Prediction is that ? (pi), e (Eulers), ? (phi) have no regular pattern and are “Irrational Transcendent”.
I have no spaceship for a trip to the moon; it’s most often a matter about feat and expense, and that expertocracy stops for asserting things instead of solving them.
Divide consecutive [cut the . out] digits of ? (pi), e (Eulers), ? (phi) by the nearest (yet <= ) power of 2 and see for yourself.
0 – I agree in principle, but not in detail.
1 – Twenty some years ago I took a major climate model apart: roughly 1% of the code reflected a 1960s box of fortran cards but another 20% or so came from patches introduced by decades of grad students trying to make it correctly predict the past – i.e. making it appear to fit; in one case by transforming some hard wired data to fit the output format. (Most of the rest was granulation and parallel processing related.)
So no – the apparent ability to predict backwards cannot be trusted.
2 – I can usually predict my wife’s reaction to some kinds of things (colors, people, foods) but have no explanation for any of it.
3 – predictions of the “fits this distribution” presume a probabilisic universe (nonsense even if spelt correctly) and fudge the issue. In physics I want predictions to be precise and singular: 1.72154GEV at .. etc Anything less is guesswork.
“The time the observations are made do not matter.”
Yes this is how they lie when they say their false theories predict anything. They are merely fudging the present to pretend had they predicted their false conclusion in the past it would have worked. Meanwhile conspiracy theory truly did predict the future and science predicted literally nothing.

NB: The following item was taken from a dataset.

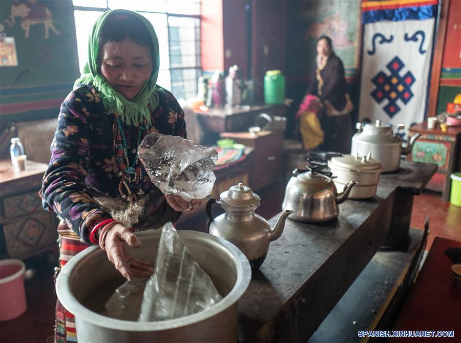 SHUANGHU, febrero 27, 2019 (Xinhua) -- Imagen del 31 de enero de 2019 de una pastora derritiendo hielo antes de hervir agua, en el municipio de Garco del condado de Shuanghu, en la Región Autónoma del Tíbet, en el suroeste de China. El condado de Shuanghu, localizado a 5,000 metros sobre el nivel del mar en la Región Autónoma del Tíbet, en el suroeste de China, sufre de fuertes vientos 200 días al a?o. Con una temperatura media durante el a?o de menos cinco grados centígrados, Shuanghu es el hogar del tercer glaciar más grande del mundo, Purog Kangri. Ocasionalmente, la temperatura aquí cae a menos 40 grados centígrados. El condado, con un área de aproximadamente 120,000 kilómetros cuadrados, se encuentra en el medio de la Reserva Natural Nacional Qiangtang. Hay 135 empleados de conservación trabajando en las 15 estaciones de manejo y conservación de vida silvestre de Shuanghu para mejorar la protección de los animales salvajes. En 2018, el gobierno del condado suspendió la construcción de servicios de apoyo relacionados con el turismo alrededor del glaciar Purog Kangri para proteger mejor el medio ambiente. Shuanghu ahora tiene aproximadamente 20,000 yaks salvajes y 200,000 antílopes tibetanos, además de más de 20 especies raras como el leopardo de las nieves y el oso pardo. (Xinhua/Purbu Zhaxi)

Not everything is predictable but you can sometimes still explain it. Paul Murphy is correct, it’s easy to predict the behaviour of normies to pretty much any given stimulus but explaining why they would continue to repeat such madness is definitely beyond a rational man… the closest I can get is that P Zombies are in fact a thing rather than simply a though experiment but sometimes normies are too bizarre even for zombiedom.
Not every contradicted truth is false.
George Spencer-Brown gave the example of the perpetual liar, who states: “I always lie!” which implies he is not telling the truth in that statement, which makes the statement false, so he is telling the truth, which means he is a liar, …
He ended up with 3 categories: [T], [F] and [i], with ‘i’ being ‘imaginary’; or was it ‘self-referential’?
“Explanation is logically prior to prediction, you cannot predict without an explanation…”
I beg to differ. If you use an AI, for example, to predict a chess move, the weather, or any of a hundred other things, it may give you a prediction but most AIs will not give an explanation. They cannot, any more than a tennis player could write down the differential equations that explain why he hit the ball at a given moment and angle with a given power.
Arguably, explanations merely help human minds to “understand” – another intriguing undefined term – how things “work”. The Bohr model of the atom is an excellent example: maybe an atom is like a tiny Solar System. (Turns out it really isn’t).
Tom,
Yes, the “AI”, like any model, has an explanation. It doesn’t mean you know what it is, or can figure out what its parameters and their weights mean, but the model does. Indeed, the explanation is the model.
Your thinking is leading in just the right direction, however. Because there is ambiguity in “explanation”. What we all want to know is what is full cause of thing, i.e. cause in all its aspects. That’s the full and complete explanation, on one definition.